Differentially Private Recursive Least Squares Estimation for ARX Systems with Multi-Participants

TL;DR

This paper introduces a differentially private recursive least squares algorithm for multi-participant ARX systems, ensuring privacy while maintaining estimation accuracy under various conditions.

Contribution

It provides a rigorous privacy analysis, establishes the relationship between noise and privacy level, and demonstrates the algorithm's effectiveness without requiring strict assumptions on data.

Findings

The algorithm guarantees differential privacy with asymptotic stability.

Estimation error bounds are derived under weak excitation conditions.
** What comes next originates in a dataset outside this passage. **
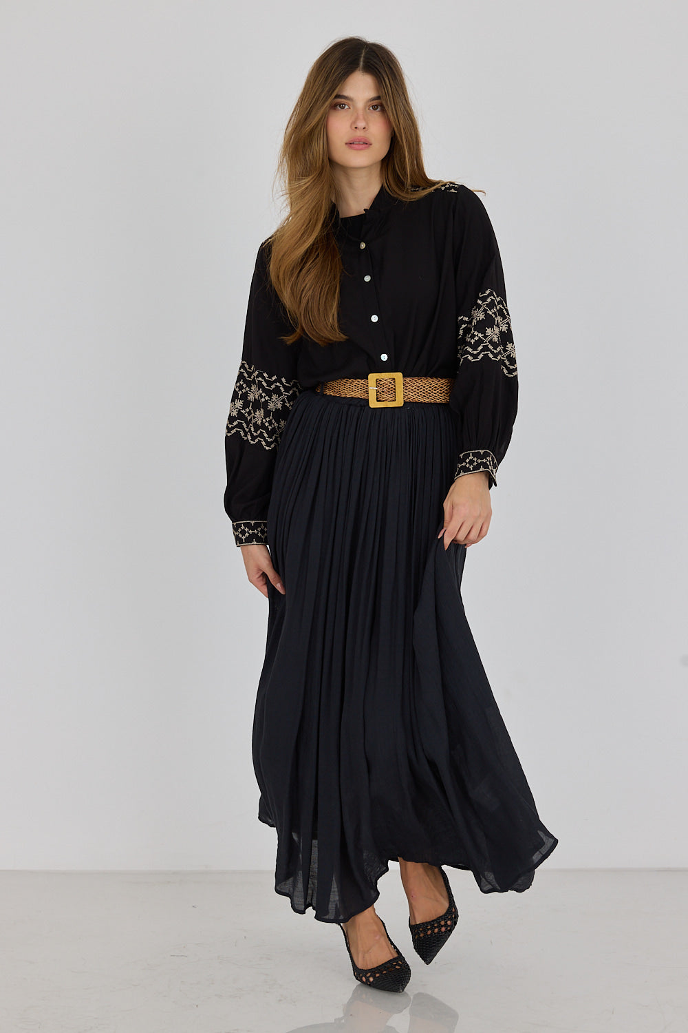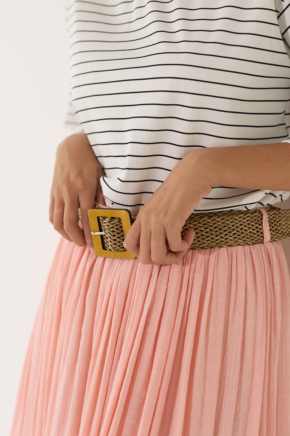 מגיעה עם חגורת קש קלועה להשלמת הלוק

The existence of optimal noise levels minimizes estimation error.

Abstract

This paper proposes a differentially private recursive least squares algorithm to estimate the parameter of autoregressive systems with exogenous inputs and multi-participants (MP-ARX systems) and protect each participant's sensitive information from potential attackers. We first give a rigorous differential privacy analysis of the algorithm, and establish the quantitative relationship between the added noises and the privacy-preserving level when the system is asymptotically stable. The asymptotic stability of the system is necessary for ensuring the differential privacy of the algorithm. We then give an estimation error analysis of the algorithm under the general and possible weakest excitation condition without requiring the boundedness, independence and stationarity on the regression vectors. Particularly, when there is no regression term in the system output and the differential privacy only on the system output is considered, $\varepsilon$-differential privacy and almost sure convergence of the algorithm can be established simultaneously. To minimize the estimation error of the algorithm with $\varepsilon$-differential privacy, the existence of the noise intensity is proved. Finally, two examples are given to show the efficiency of the algorithm.